While Janiele’s talk focused on past damage, Jonathan’s talk centered on a threat that is unlike anything the state has yet experienced. As he noted, this makes it harder for the public and elected officials to understand the danger and prepare for it. The threat: salt water. The main source of much of central and southern California’s water, the State Water Project, sources its water from the Bay Delta, the freshwater river delta fed by the Sacramento and San Joaquin rivers. While the delta is naturally a freshwater marsh, over time much of it has been reclaimed for agriculture, with 1100 miles of levees holding water out of over 50 reclaimed islands. The levees are weak, and an earthquake would destroy many of them. In the event of an earthquake, delta water would fill reclaimed islands. Because the space within the delta islands exceeds the immediately available volume of fresh water, this would cause salt water to be drawn in from the San Francisco Bay, contaminating the State Water Project. Jonathan showed a video animation of this happening.

Finally, Mary Comerio gave a view from architecture and urban planning. She talked about the long view: preparedness as a planning process with three phases: Before the Disaster, Disaster Response, and After the Disaster. How can government better handle each of these phases? Such a question might be the focus of a General Plan Community Safety Element, as it is in San Francisco. Comerio talked about the need for transparent definitions: definitions of hazard, categories of usable housing, and clear goals for the restoration. These form, in effect, the government’s intention and they enable the government and society to hold itself accountable. Comerio showed some examples of plans, policies, and maps. (Read more.)

Common Themes

On the whole, California is probably uniquely resilient to earthquakes because of our diverse and relatively thorough response to the earthquakes we’ve experienced. We’ve engaged in extensive building code revisions, seismic retrofits on a massive scale, and sophisticated planning and outreach efforts. We’re home to major research institutions that interrogate our successes and failures when earthquakes hit and inform better policies to protect us against damage and loss.
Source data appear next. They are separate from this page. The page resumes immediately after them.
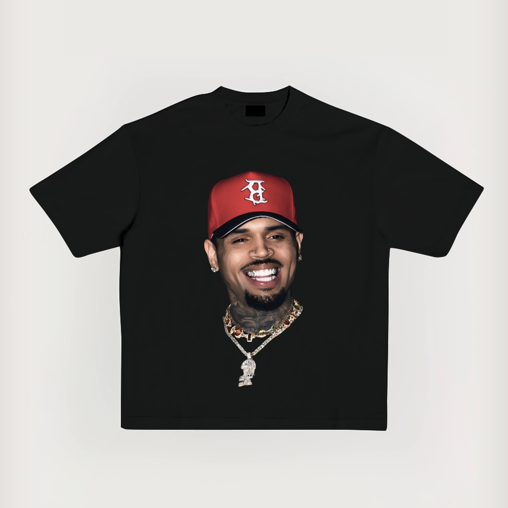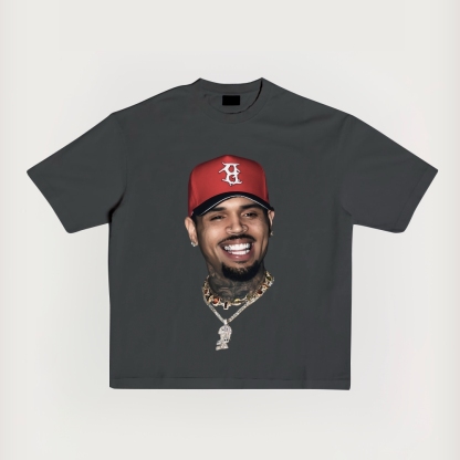 Chris Brown Big Face Printed Short-Sleeved T-Shirt
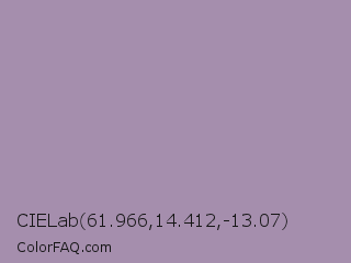 CIELab 61.966,14.412,-13.07 Color is a light purple color and the nearest color is Glossy Grape #ab92b3. Hex code #a58ead and RGB value is rgb(165,142,173). In RGB color space, this color is composed of 65% red, 56% green, 68% blue, In CMYK color space, this color is composed of 5% cyan, 18% magenta, 0% yellow , 32% black , In HSL color space, this color has a hue angle of 285° , 16% saturation and 62% lightness.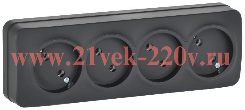 Электрическая двухполюсная розетка накладного монтажа четыре поста Глори ИЭК матового черного цвета ERH40-K02M-10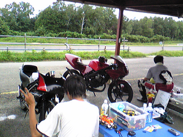 ども~!最近日曜は毛○峠に行くというのが習慣になっている管理人です!まぁそのために平日がんばって生活しているんですけどもね!今日はすごっかったですよ!我々の先輩の走り屋さん達が大集合しました!夏本番も近づいてきてだんだん台数が増えつつあります!!早朝の展望台のあの風景はいいですね!バイクがずら~っと並んで!最高です!!で、一通り走り終わったころに雨が降ってまいりまして、解散!まぁ結構走れたんで満足かなという感じです!家帰ってまずしたことといえば。。。睡眠です!!やっぱり寝ないともたないんですわ~(^^;)で数時間ねておきて、ガンマを2個1で仕上げる作業に取り掛かりました!まず、事故ったほうのフレームにエンジンを載せて、オーバーホール済みのフロントフォークを入れてその他部品を移植して、中途半端なところで夕暮れ!昼間寝ないでやればよかった(TT)まぁ今週中に2個1を完成させます!!来週もバイト&学校がんばって日曜早朝毛○だ~!!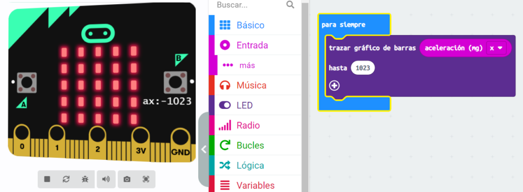 Los valores que controlan esta aceleración se expresan en mili-g, que es 1/1000 g, siendo g la misma aceleración que obtienes de la gravedad de la Tierra, y varían en un rango de 2048 posibles valores (de -1023 a 1023). De manera que la placa en plano, mostrará una aceleración de 0 en la dimensión X. Si está completamente inclinada a la derecha, X será 1023, y completamente inclinada a la izquierda -1023.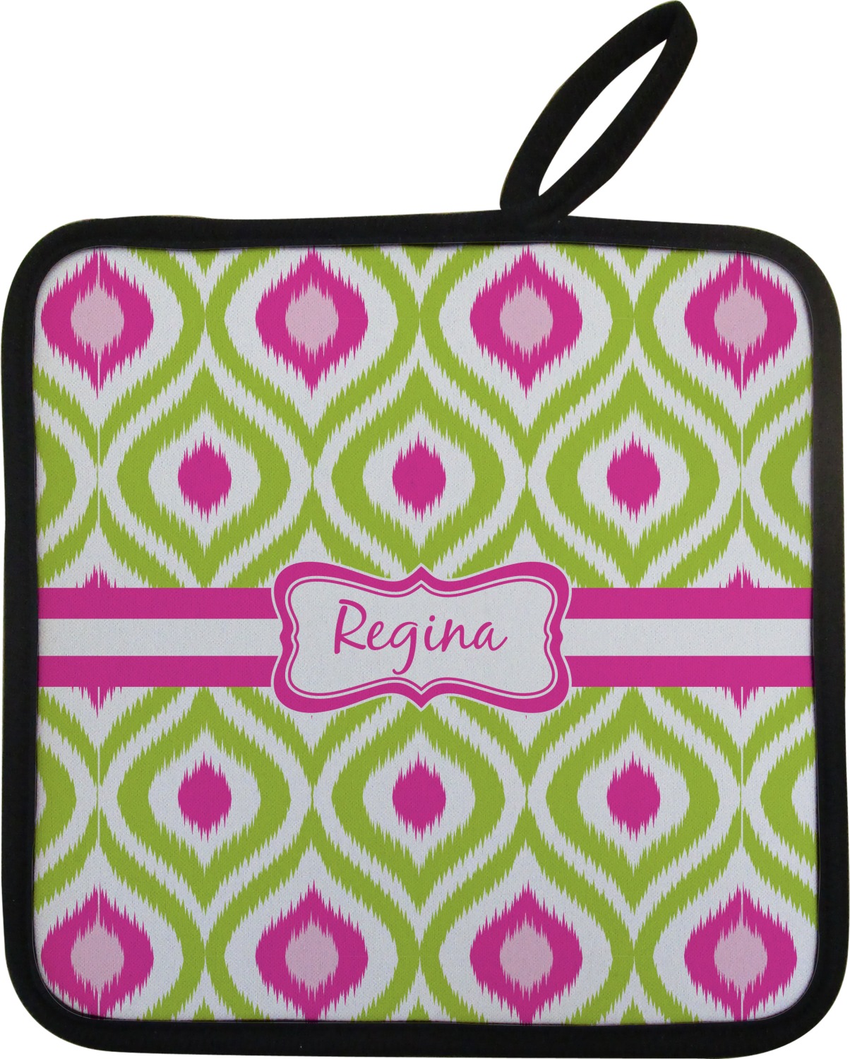 Along with our heat resistant gloves, we also carry personalized pot holders. These pot holders also feature a neoprene front that displays your personalization, and a textured, rubber backing for a sturdy grip. The two materials are connected with a sleek, black trim, and the hot pot holder also includes an attached loop for hanging and storage. You can purchase a kitchen pot holder by itself, or alongside a right or left oven mitt, depending on your needs. The pot holder itself is approximately 8.75 inches by 8.75 inches and 0.25 inches tall.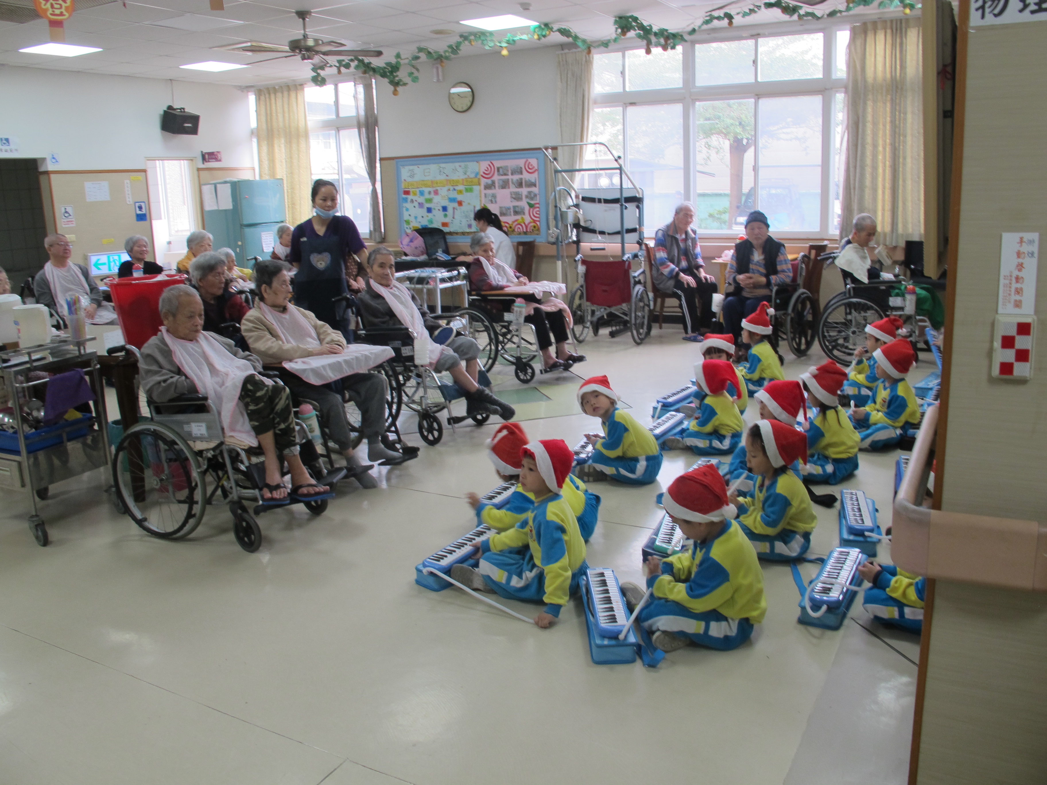 服務項目 活動剪影 志工團體 2019-12-24中正幼兒園聖誕節報佳音 今天早上可愛的中正幼兒園小朋友們給長輩們聖誕節報佳音,帶來有趣的舞蹈表演與好聽的口風琴演奏,讓阿公阿嬤們有個愉快又難忘的聖誕節。 返回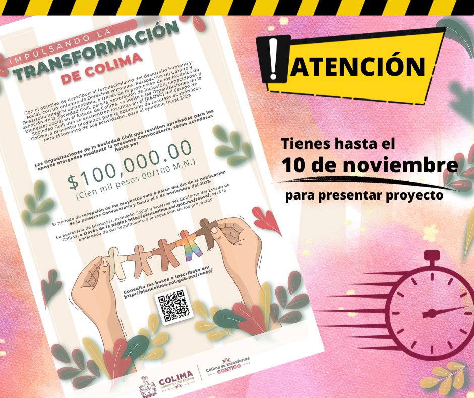 Zalia María Gutiérrez Verduzco, encargada del despacho de la Secretaría de Bienestar, Inclusión Social y Mujeres (Sebiinsom) del Gobierno del Estado de Colima, y el presidente del Consejo Estatal de Participación Ciudadana, Fernando Briceño Rodríguez, informaron la ampliación del plazo para la presentación de proyectos dentro de la convocatoria ‘Impulsando la trasformación de Colima’, que cerrará este viernes 10 de noviembre.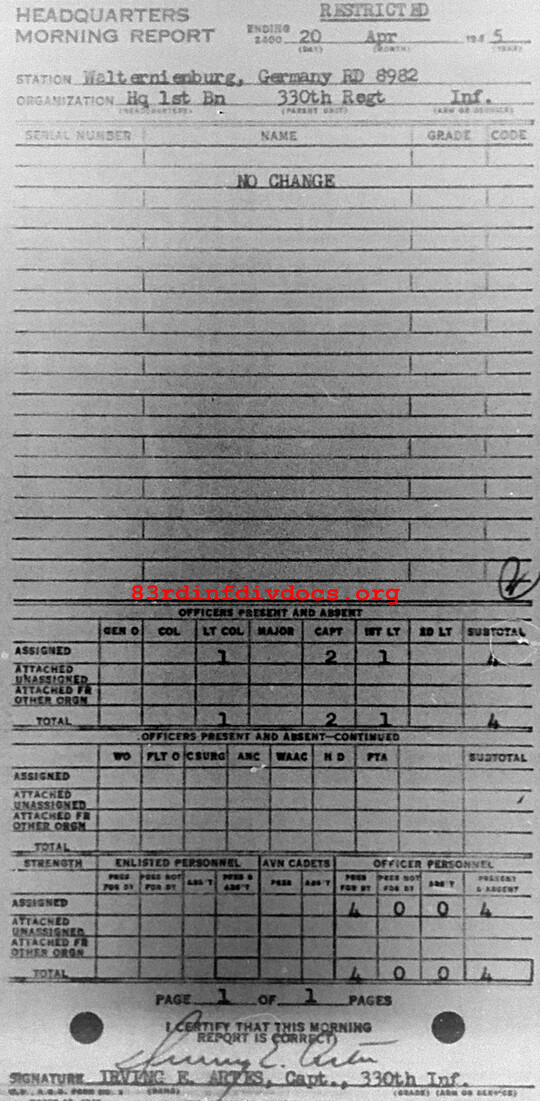 Morning report HQ1BN/330 for April 20, 1945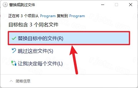 15.点击【替换目标中的文件】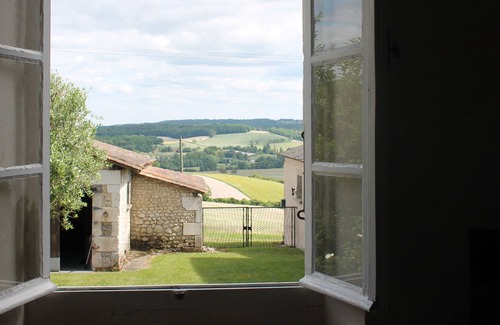 Maison Primevere, chez Gigon, is a beautiful 16th century farmhouse with original features throughout. The house is set in enclosed gardens, front and rear, with spectacular views of the Charente countryside and a private heated and alarmed 12m x 5m swimming pool. There are 2 double bedrooms upstairs both with ensuites and a downstairs childrens bedroom with bunk beds and double bed. Travel cot also available. The Farmhouse has a self contained gite at one end of the house, ideal for Grandparents! The Farmhouse can sleep up to 8 people, ideally 4 adults plus children. The Gite, can sleep two. (This is not rented out separately). Games room with Table Tennis, Wii & lots of board games. Wifi available. The house is well equipped to meet all family needs for a fabulous holiday. Situated within a 10 minute walk to the local village of Montboyer with it's Award winning Artisan Boulangerie and Restaurant with a lively atmosphere and entertainment through the summer. Boulangerie Painpoline has been mentioned in the Michelin Food & Travel Guide this year! Within a 10 minute drive is beautiful Aubeterre Sur Dronne, one of the 100 most beautiful villages in France with it's subterranean church, superb restaurants, river beach and canoeing. Chalais is also very nearby with it's weekly market and amenities, plus tennis, golf, canoeing, zip wire adventures and Chateaux to visit. The beautiful walled city of Angouleme is 30 minute drive and Bordeaux region with it's superb wineries just an hour's drive away as well as the Atlantic coast and beautiful seaside resort of Royan!

On the other hand, because earthquakes are relatively infrequent, our response to them is strongly informed by our singular experiences with them. After an earthquake, seismologists like Jonathan do reconnaissance, collect data, and try to better understand what happened. All three panelists noted that all the legislation that protects us in earthquakes has been passed the year after a big earthquake, usually to address damages that earthquake caused or vulnerabilities it exposed. Where we fall short is in addressing problems that we know exist but we have not yet experienced, like amplified shaking in soft soil regions of the Bay Area or the collapse of Bay Delta levees or a daytime earthquake in a major urban region.